На столе появились холодные закуски, включая красную и черную икру.
– Коньяк, водка, джин?
– Лучше коньяк.
Мы расположились друг против друга на кожаном угловом диване.
Он наполнил крохотные хрустальные рюмочки.
– За знакомство!
– За всё хорошее!
Выпив, я отставил рюмку.
И тут что-то началось.
В глубине бледно-голубых зрачков Ромоданова будто включились мощные лазеры. Я почти физически ощущал, как некий энергетический вампир проникает в моё подсознание, шарит по его полочкам, выискивает нужную информацию. Моя собственная воля была парализована.
Словно из ватного тумана донесся вопрос Ромоданова, похожий на команду:
– Вы работаете на Мамалыгина?
– Не понял, – пробормотал я, полагая, что он имеет в виду некое влиятельное в издательском мире лицо.
– Говорите правду! Откуда вы знаете, как выглядит Би-Ар?
– Би-Ар – это инициалы некоего Мамалыгина? – уточнил я, ощутив внезапно прилив безграничной симпатии к Ромоданову. Мне представилось, какой он славный малый, как он чуток и отзывчив… Захотелось искренне рассказать о собственных злоключениях, поплакаться в жилетку…
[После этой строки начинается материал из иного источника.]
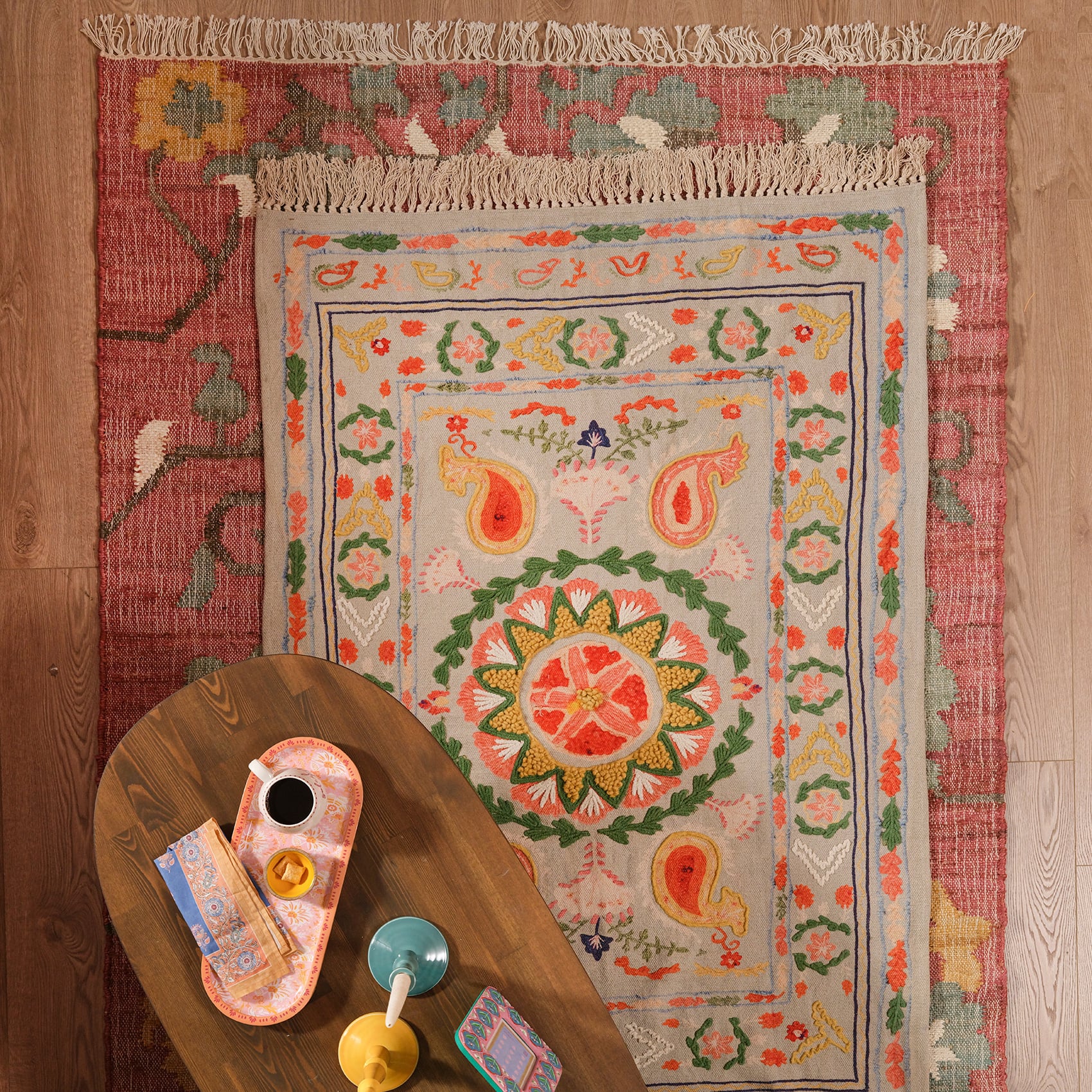 Hindistan’ın zengin kültürel mirasını modern yaşamla buluşturan bu baskı nakışlı kilim, Heritage koleksiyonunun en göz alıcı parçalarından biri. Canlı renkleri ve ince el işçiliğiyle hayat bulan motifleri, adeta geçmişin hikayelerini günümüze fısıldıyor. %98 pamuk dokusuyla doğal bir zarafet sunan bu kilim, otantik estetiği ve dayanıklılığıyla yaşam alanlarınıza özgün bir karakter kazandırıyor. Uzun ömürlü güzelliği için kuru temizleme önerilir.

Краешком сознания я понимал, что происходит что-то неладное, но контролировать ситуацию уже не мог.
Ромоданов оказался прекрасным слушателем.
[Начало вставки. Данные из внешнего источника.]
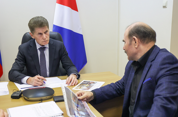 О работе ТОСа «Зеленый экипаж» на острове Русском рассказал его председатель Петр Гуляев, пришедший на прием к главе региона. Благодаря самоорганизации жителей удалось благоустроить придомовые территории, сделать площадку для массовых мероприятий. В общей сложности ТОС смог привлечь около 10 миллионов рублей, участвуя в различных госпрограммах. Активист поблагодарил Олега Кожемяко за поддержку ТОСов в регионе.

Говорил ли он сам? Не знаю. Моя память не сохранила ничего конкретного о его участии в нашей «беседе». Я так и не узнал, кто такой Мамалыгин и что означает таинственное «Би-Ар».Долго ли продолжалось наше застолье? Притрагивался ли я еще к напиткам и закускам? Тоже не знаю.
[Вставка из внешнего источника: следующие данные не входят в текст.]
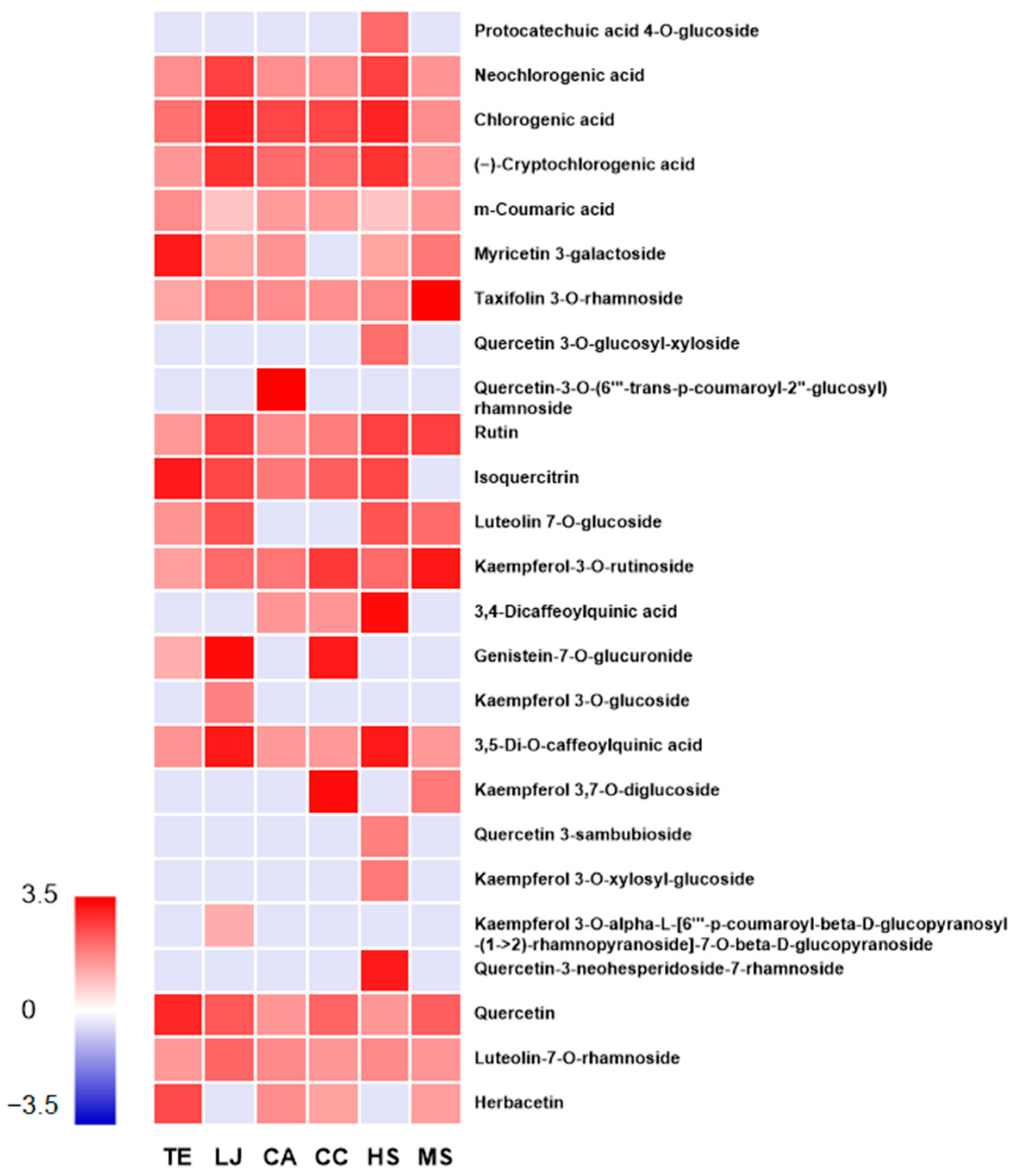 | Neochlorogenic acid | 4.43 | [M-H]¯ | 353.09 | 191, 135, 179 | C16H18O9 | Phenolic acid | TE, LJ, CA, CC, HS, and MS |

Когда я мало-мальски пришел в себя, было около двух ночи. Я находился в своей постели, не имея ни малейшего представления о том, как же добрался до нее, хотя о нетрезвом состоянии и речи не могло быть. Несмотря на провал в памяти, сознание работало удивительно ясно. Я радовался тому, что в лице Ромоданова приобрел настоящего друга.
Но наутро, решив сделать ответный ход и позвонив вчерашнему доброжелателю, я услышал от него ледяное:
– Прошу вас никогда больше не набирать этот номер.
Аппарат отключился.
Я не знал, что и подумать.
Некоторое время я страшно переживал по поводу этой загадочной размолвки, пока наконец до меня не дошли слухи о Ромоданове, давно уже, как выяснилось, циркулирующие по городу. Я узнал, что сей высокомерный господин, и впрямь обладающий даром экстрасенса, нередко проводит забавы ради всякого рода психологические эксперименты над доверившимися ему простаками. Противостоять ему бесполезно, ибо тайная власть этого негодяя над чужой психикой безгранична. Лучше держаться от него подальше.
Так я и поступил, дав себе клятву, что лучше отдам руку на отсечение, чем протяну ее когда-либо Вадиму Ромоданову.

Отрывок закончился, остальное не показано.